In the past We’ve seen Uber’s former security chief convicted in federal court of mishandling a data breach, a federal regulator indicting SolarWinds’ security chief for allegedly misleading investors before its own cyberattack, and new regulations forcing companies to disclose public data breaches within four business days.
It may seem like it’s never been a riskier time to work in cybersecurity.
But one of the takeaways from a panel at the ShmooCon hacker conference in Washington, DC on Sunday is for those in cyberspace not to give up on challenges.
Now in its penultimate year, ShmooCon brings together hackers, researchers, government officials and cybersecurity executives to discuss some of the most pressing issues facing the security community. A common theme heard among attendees this year is the increasingly dangerous nature of work in the cybersecurity industry itself. The infosec community is no stranger to legal risks—perhaps an inherent byproduct of working in the field—but is increasingly aware of the increasing legal oversight and consequences that come with the work.
Leading the discussion, startup attorney Elizabeth Wharton, former SEC attorney Danette Edwards, and tech investor Cyndi Gula shared their perspectives and predictions on a panel that explored how the stakes of responsibility in cyberspace are shifting from the bottom line to the executive suite.

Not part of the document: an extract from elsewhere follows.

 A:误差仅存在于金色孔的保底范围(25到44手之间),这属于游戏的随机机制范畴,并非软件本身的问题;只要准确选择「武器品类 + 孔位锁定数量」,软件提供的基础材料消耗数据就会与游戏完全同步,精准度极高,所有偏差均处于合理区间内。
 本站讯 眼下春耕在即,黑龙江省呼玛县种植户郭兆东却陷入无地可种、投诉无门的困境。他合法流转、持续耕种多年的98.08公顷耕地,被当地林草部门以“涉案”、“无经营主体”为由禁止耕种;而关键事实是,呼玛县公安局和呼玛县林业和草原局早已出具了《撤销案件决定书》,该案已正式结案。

The SEC’s new cyber reporting rules were introduced last year, which now require companies to disclose “material” security incidents in public 8-K filings within four business days. The rules went into effect in December and have already led to a flurry of companies filing new data breach disclosures with the Securities and Exchange Commission in its wake, as companies figure out what a “material” impact means. It also saw the first instance of a ransomware gang using the rules to call out the hacked company itself for not filing with regulators.
“We’re going to see a lot of initial 8-K filings and then possibly multiple filings of the same cyber hacks,” Edwards, now a defense attorney and partner at the Katten law firm, said at ShmooCon.

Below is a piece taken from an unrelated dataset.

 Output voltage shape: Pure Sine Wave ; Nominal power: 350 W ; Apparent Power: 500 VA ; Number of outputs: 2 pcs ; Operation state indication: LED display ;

Wharton, founder of Silver Key Strategies and who previously served on Atlanta’s ransomware incident response team, said cyber incidents can change hourly and may require subsequent disclosures.
“When you’re dealing with an incident and you’re still knee-deep in response four days in, you’ve identified, ‘oh, shoot, our bin’s on fire!’ but you haven’t even figured out what materials are necessary in the trash can as it burns — and you need to start reporting,” Wharton said. “Knowing that as things ebb and flow, public companies will have to update [those disclosures].”

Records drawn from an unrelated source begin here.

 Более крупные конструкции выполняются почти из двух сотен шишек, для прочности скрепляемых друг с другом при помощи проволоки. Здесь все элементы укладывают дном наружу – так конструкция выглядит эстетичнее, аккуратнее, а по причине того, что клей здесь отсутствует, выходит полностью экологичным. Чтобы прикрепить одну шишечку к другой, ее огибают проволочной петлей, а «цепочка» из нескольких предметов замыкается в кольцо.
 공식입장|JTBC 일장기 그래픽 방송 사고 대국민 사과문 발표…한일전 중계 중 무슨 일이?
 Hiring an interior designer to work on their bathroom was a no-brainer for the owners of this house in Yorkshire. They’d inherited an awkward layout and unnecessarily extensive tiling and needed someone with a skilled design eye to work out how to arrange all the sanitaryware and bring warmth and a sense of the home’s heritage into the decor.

The flip side of transparency combined with remote work is that more things than ever are recorded, recorded or otherwise stored and documented. This can be a boon for researchers and a headache for companies.
“I guess every email is going to be read either by your mother or in a deposition, or … in an SEC complaint, and it changes that water conversation,” Wharton said. “Since we’re not necessarily in offices, we make sure you don’t necessarily write it and the content gets lost in the meme you send to your co-workers because you thought it was hilarious.”
“And regulators don’t always have a great sense of humor,” Edwards said.
“Culture is integral to an organization — especially in what we do — because we have a lot of trust,” said Gula, managing partner of Gula Tech Adventures. “Companies are going to have a hard time bringing that culture with an eye that everything they do is going to be under control.”
Not only do the new cybersecurity reporting rules put companies and their data incidents in the spotlight, but recent federal enforcement actions show that cybersecurity executives are shouldering some of the blame as well.
In October, the Securities and Exchange Commission filed charges against SolarWinds CISO Timothy Brown for allegedly misleading investors about the company’s security prior to a cyberattack launched on the company by Russian spies in 2019. Many of the SEC’s charges come from comments Brown reportedly shared internally.
“We’ve also heard a lot of people don’t want to [to be CISO] because of that oversight and because of all these pitfalls that you don’t even know are ahead of time,” said Gula, who serves on the board of several startups. “Please do not move from this position. Please get up and do it.”
Along with that advice, Gula said documentation can also help. When executives need to make changes, fix defects, or improve cyber training, but receive plan or budget denials, ask, “Can I get this in writing?” Adding: “Whatever you can do to get that Eye of Sauron off of you so you can keep throwing the ring into the fire to put out what you have to do — that’s important.”
Zack Whittaker reports from ShmooCon in Washington, DC.